Ogni inflazione è infelice a modo suo, si potrebbe dire parafrasando Lev Tolstoj. E la maggior fonte di infelicità con la quale si stanno confrontando i decisori politici, è la natura enigmatica di questo repentino aumento dei prezzi, arrivato con la furia di un ciclone su economie ancora sommamente fragili.
Sarà che avevamo dimenticato cosa significasse vivere in un contesto inflazionistico, dopo oltre un ventennio di prezzi che sembravano congelati. Oppure che l’inflazione di oggi non somiglia affatto a quella di ieri, se non per i livelli raggiunti dagli indici dei prezzi al consumo, che le cronache sottolineano di continuo. E’ successo anche quando è uscito il dato di settembre dell’inflazione statunitense, arrivata all’8,2 per cento su base annua, con la componente di fondo (core), quindi al netto di materie prime e alimenti freschi, arrivata al 6,6%. “Un livello che non si vedeva dai primi anni ‘80 del secolo scorso”, hanno sottolineato diversi commentatori.
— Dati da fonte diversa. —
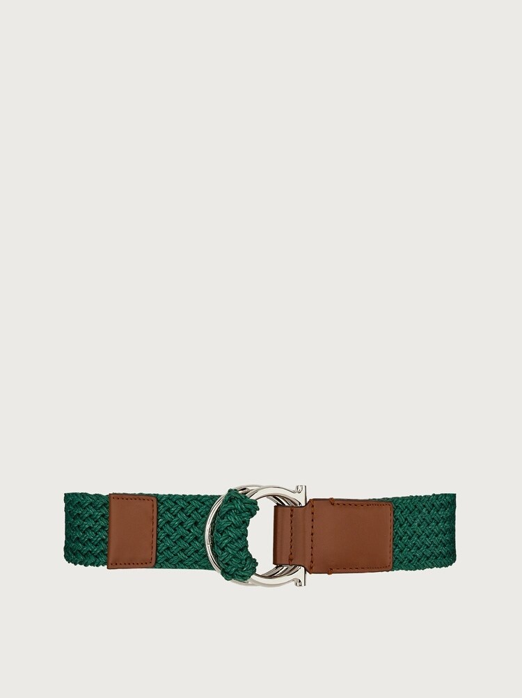 Cool new styles in this trendy off duty belt. The woven elasticated shaft in bright seasonal colors looks perfect with chinos or your favorite denim. Contrasting leather details and a double ring Gancini buckle add the Ferragamo finish. - Composition: fabric and calf leather - Made In ITALY

Gli stessi che avranno tirato un sospiro di sollievo osservando il dato di ottobre, con l’indice a scendere al 7,7%.
Informazione rilevante se la confrontiamo con la crescita dei posti di lavoro, sempre di ottobre, arrivata a 261mila unità, al di sopra delle previsioni, con la disoccupazione ad aumentare solo di qualche decimale, portandosi al 3,7% dal 3,5 di settembre. Quindi i prezzi salgono, ma adesso con meno pressione, a fronte di un mercato del lavoro “tirato”. Ci sono 1,7 lavori a disposizione per ogni lavoratore disoccupato, secondo quanto riportato da Lisa Cook, componente del Board della Fed, in una audizione dell’inizio del mese di ottobre. Un dato in deciso aumento rispetto all’1,2 che si osservava prima della pandemia. E la situazione è pure migliorata.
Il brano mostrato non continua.